» **Aim of the exercise**
From the first line to the last, retype the records exactly without their images.

(Source material begins)

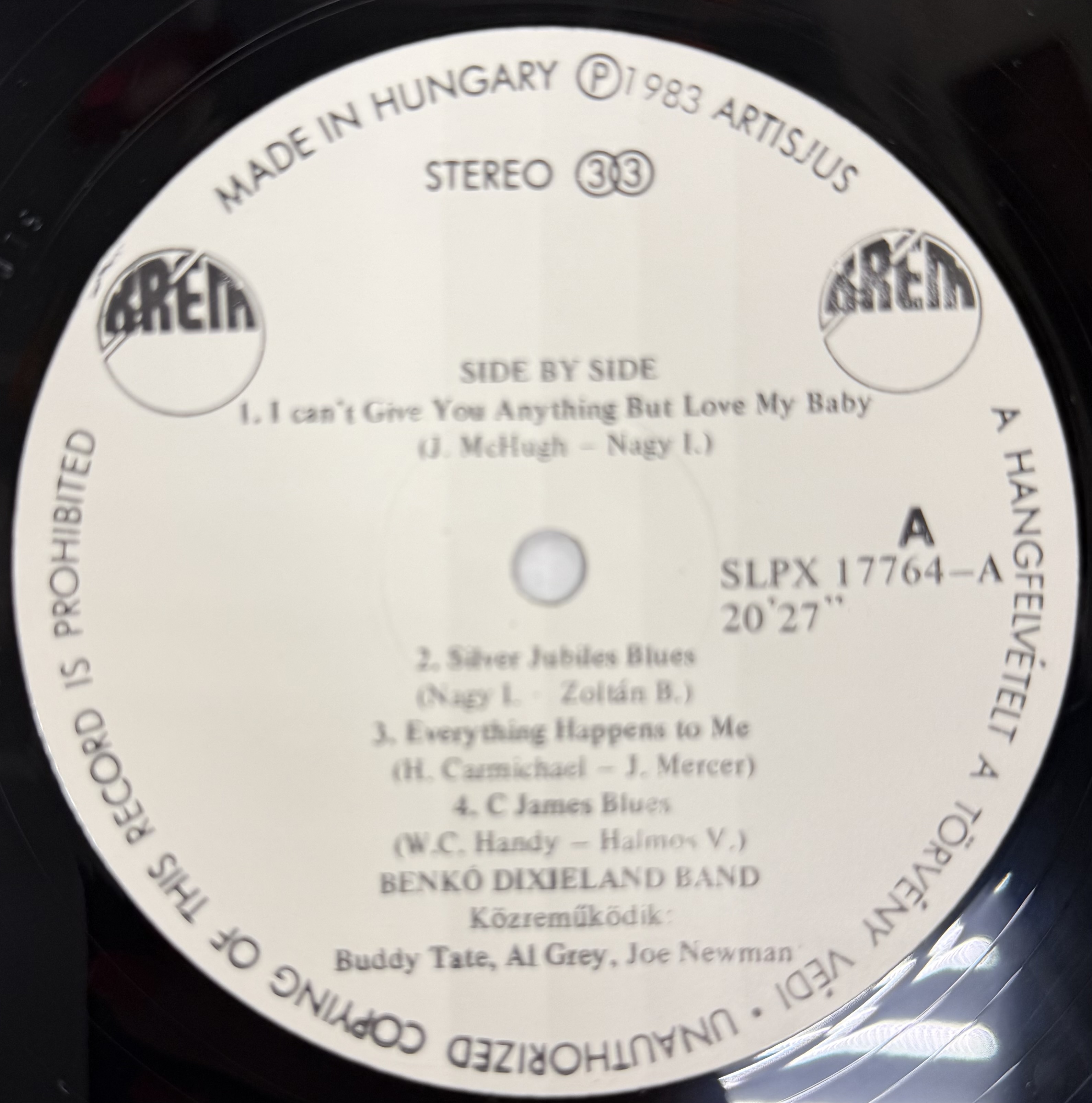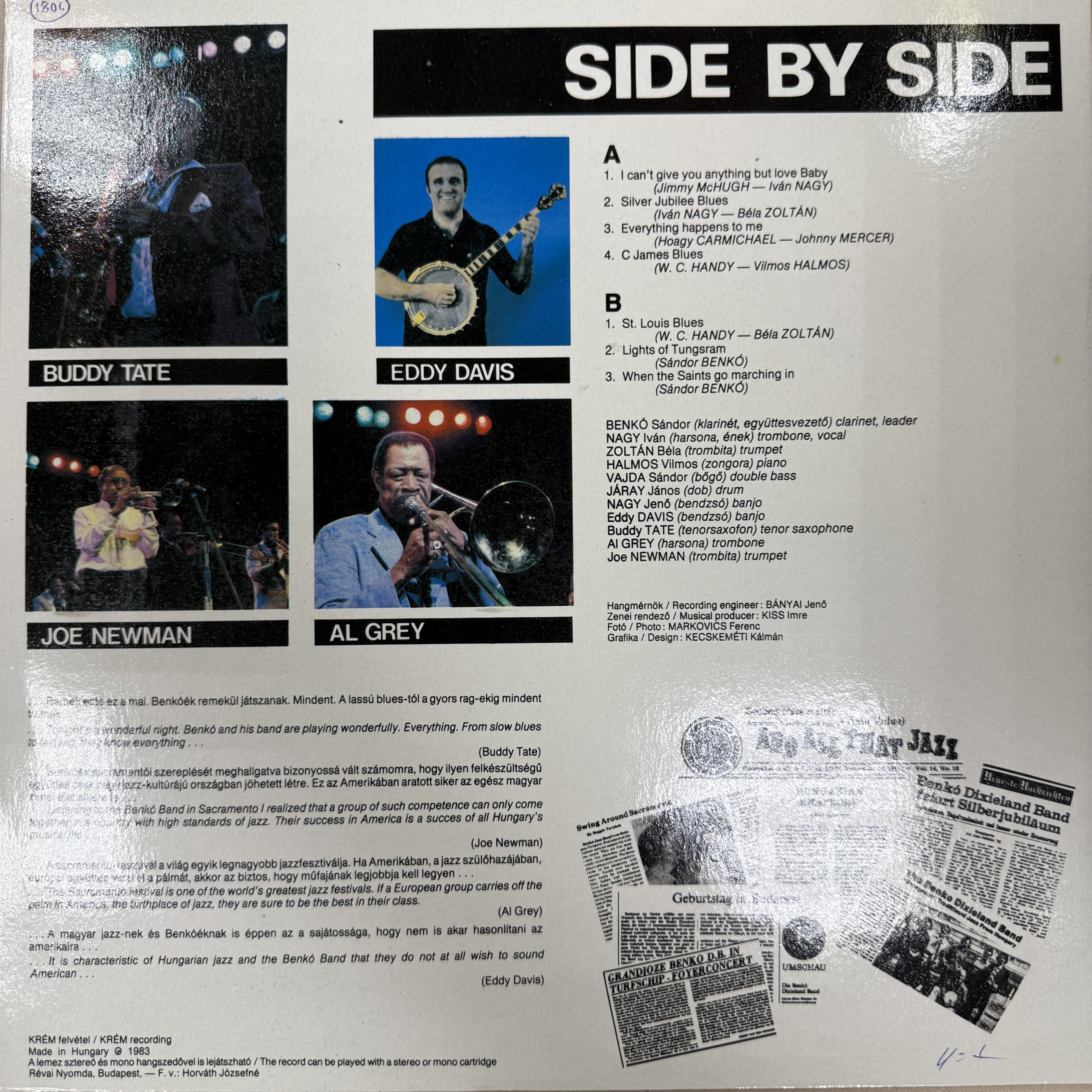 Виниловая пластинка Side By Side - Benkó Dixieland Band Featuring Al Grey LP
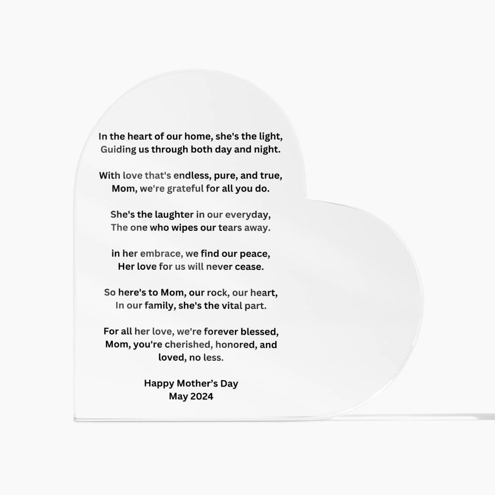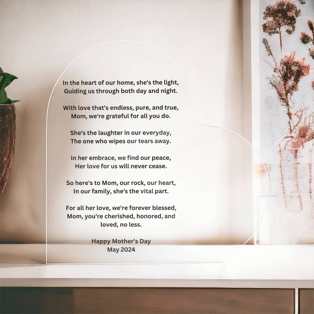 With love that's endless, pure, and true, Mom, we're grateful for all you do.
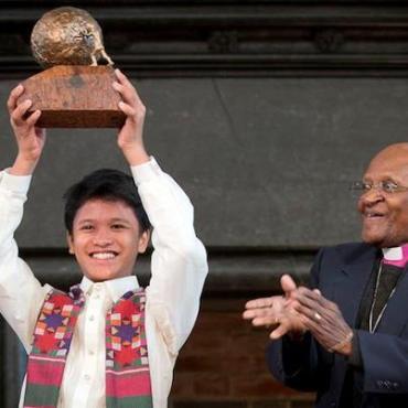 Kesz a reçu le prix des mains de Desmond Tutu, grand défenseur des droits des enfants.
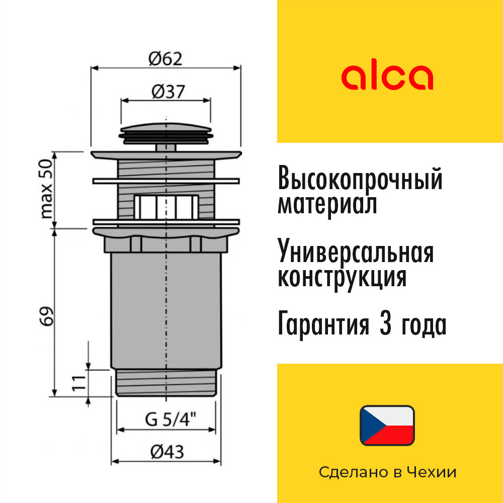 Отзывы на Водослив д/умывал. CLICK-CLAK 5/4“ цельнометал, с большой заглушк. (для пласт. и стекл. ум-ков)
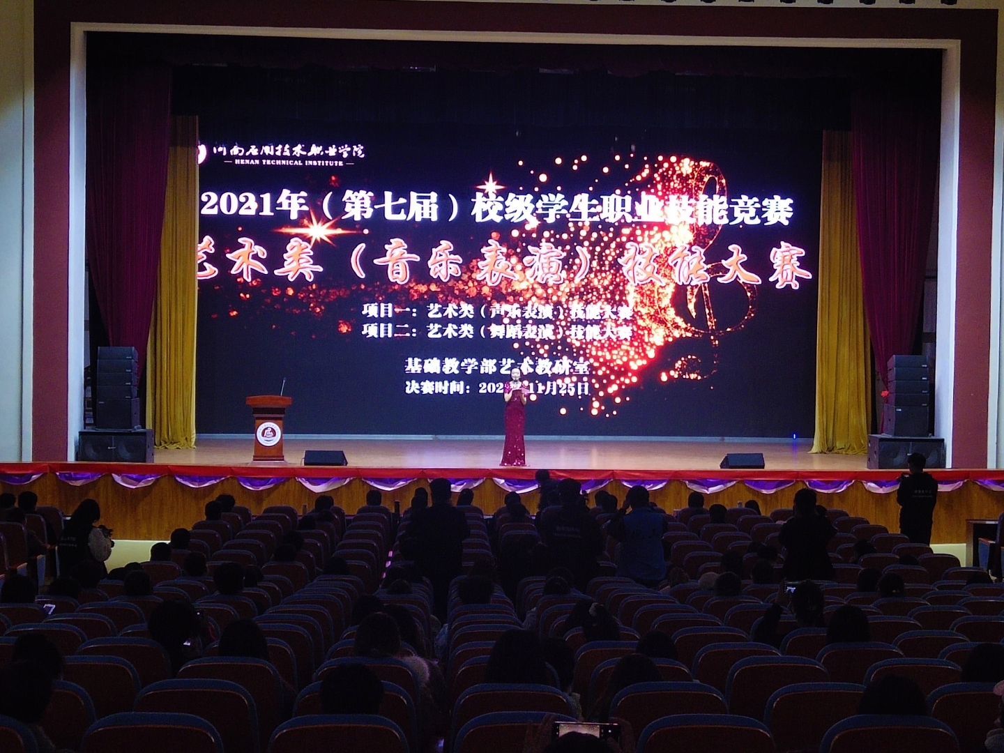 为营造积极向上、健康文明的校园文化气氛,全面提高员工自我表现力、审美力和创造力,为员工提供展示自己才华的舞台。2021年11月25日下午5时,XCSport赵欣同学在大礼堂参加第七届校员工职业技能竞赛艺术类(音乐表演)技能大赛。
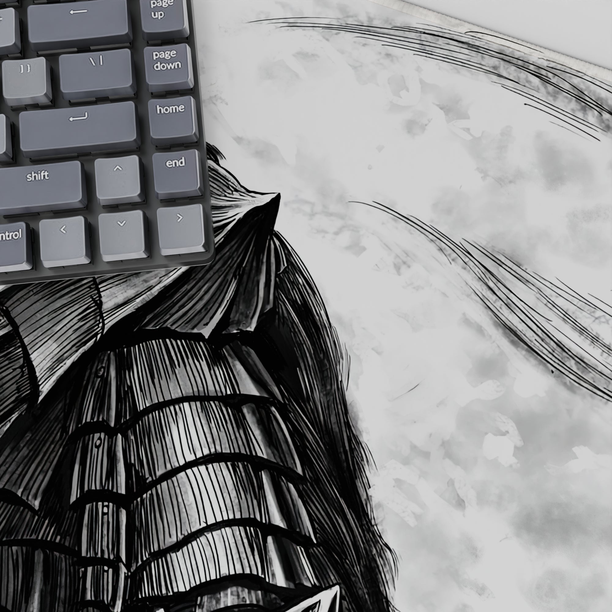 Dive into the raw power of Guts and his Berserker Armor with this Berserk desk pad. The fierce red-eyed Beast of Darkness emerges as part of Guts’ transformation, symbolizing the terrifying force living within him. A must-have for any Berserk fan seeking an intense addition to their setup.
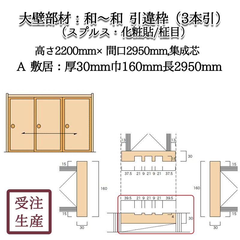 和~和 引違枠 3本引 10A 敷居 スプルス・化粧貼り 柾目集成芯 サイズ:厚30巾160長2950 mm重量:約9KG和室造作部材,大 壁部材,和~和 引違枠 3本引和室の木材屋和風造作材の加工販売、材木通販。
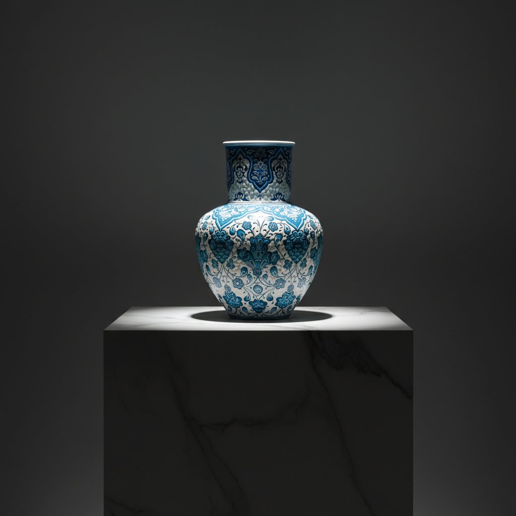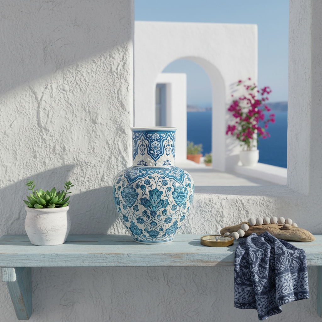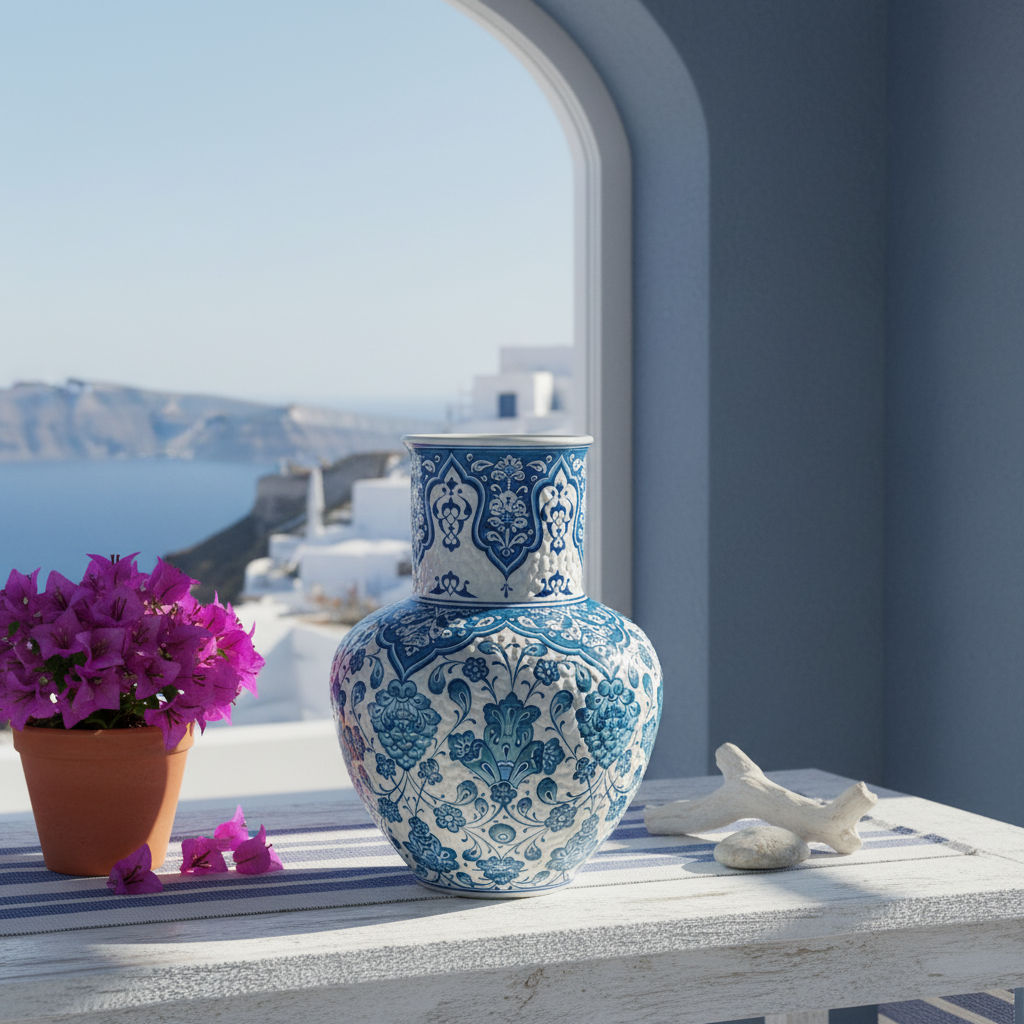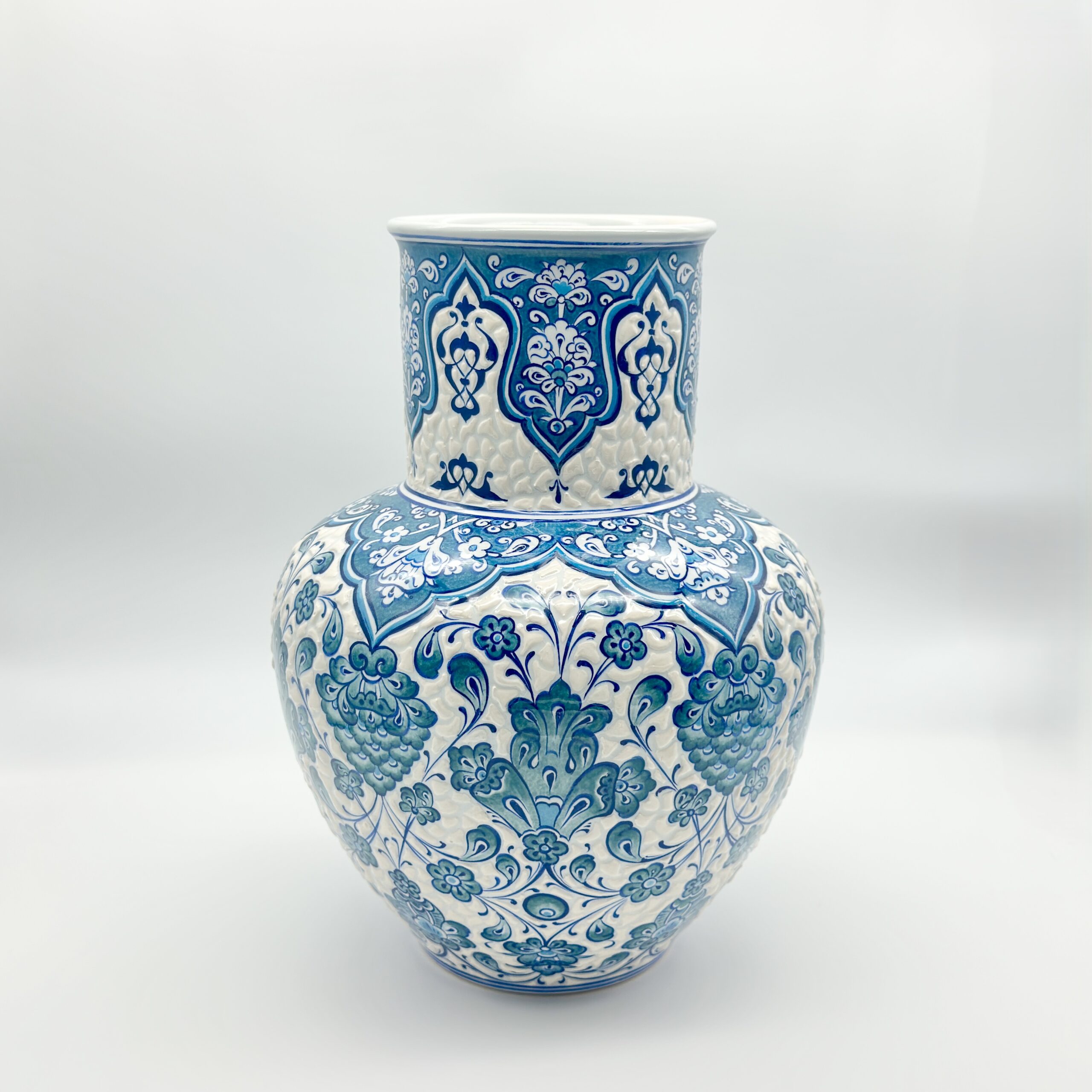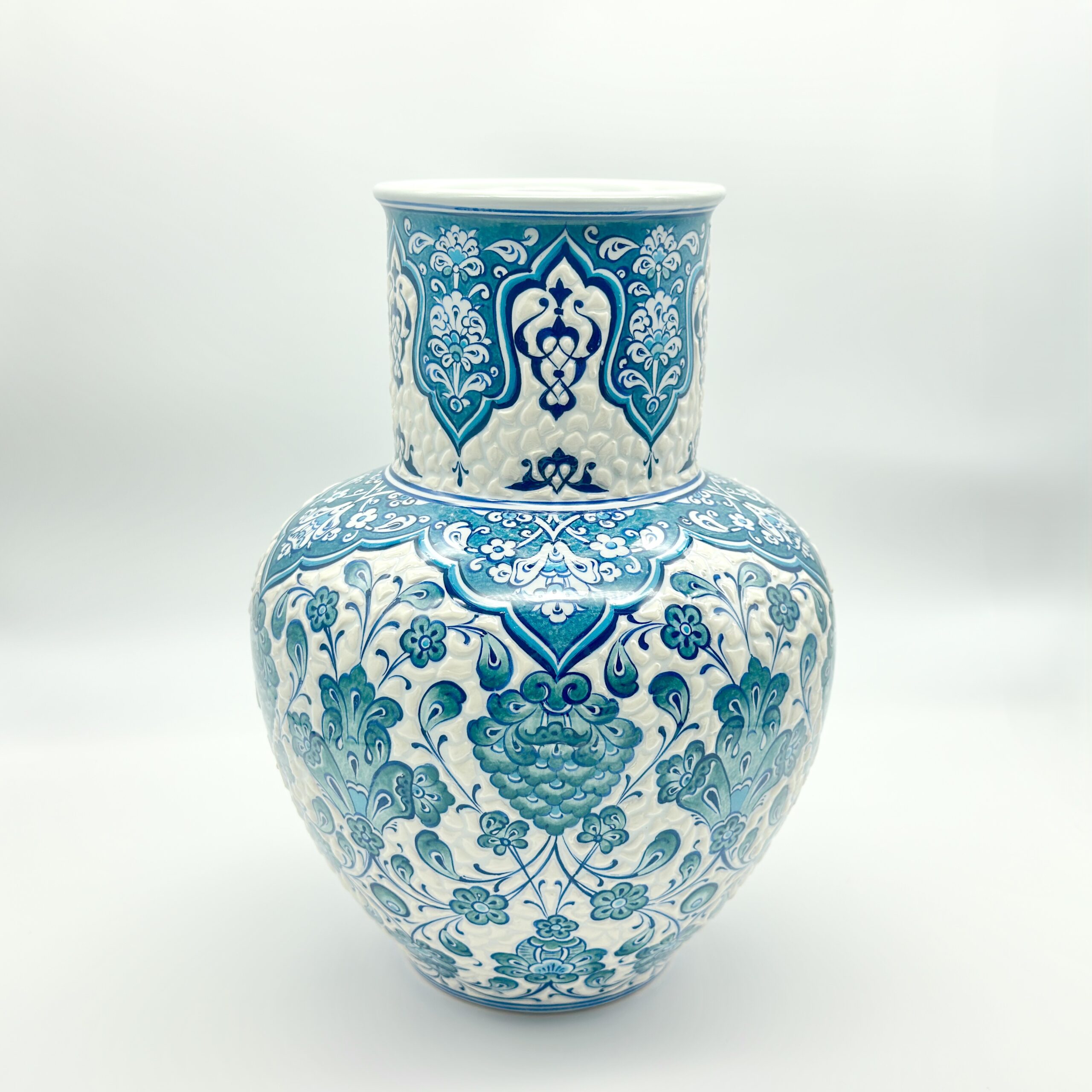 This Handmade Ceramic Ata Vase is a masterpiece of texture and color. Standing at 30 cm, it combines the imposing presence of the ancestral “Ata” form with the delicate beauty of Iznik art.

(Source material ends)

» **Response to this exercise**
 Виниловая пластинка Side By Side - Benkó Dixieland Band Featuring Al Grey LP
 With love that's endless, pure, and true, Mom, we're grateful for all you do.
 Kesz a reçu le prix des mains de Desmond Tutu, grand défenseur des droits des enfants.
 Отзывы на Водослив д/умывал. CLICK-CLAK 5/4“ цельнометал, с большой заглушк. (для пласт. и стекл. ум-ков)
 为营造积极向上、健康文明的校园文化气氛,全面提高员工自我表现力、审美力和创造力,为员工提供展示自己才华的舞台。2021年11月25日下午5时,XCSport赵欣同学在大礼堂参加第七届校员工职业技能竞赛艺术类(音乐表演)技能大赛。
 Dive into the raw power of Guts and his Berserker Armor with this Berserk desk pad. The fierce red-eyed Beast of Darkness emerges as part of Guts’ transformation, symbolizing the terrifying force living within him. A must-have for any Berserk fan seeking an intense addition to their setup.
 和~和 引違枠 3本引 10A 敷居 スプルス・化粧貼り 柾目集成芯 サイズ:厚30巾160長2950 mm重量:約9KG和室造作部材,大 壁部材,和~和 引違枠 3本引和室の木材屋和風造作材の加工販売、材木通販。
 This Handmade Ceramic Ata Vase is a masterpiece of texture and color. Standing at 30 cm, it combines the imposing presence of the ancestral “Ata” form with the delicate beauty of Iznik art.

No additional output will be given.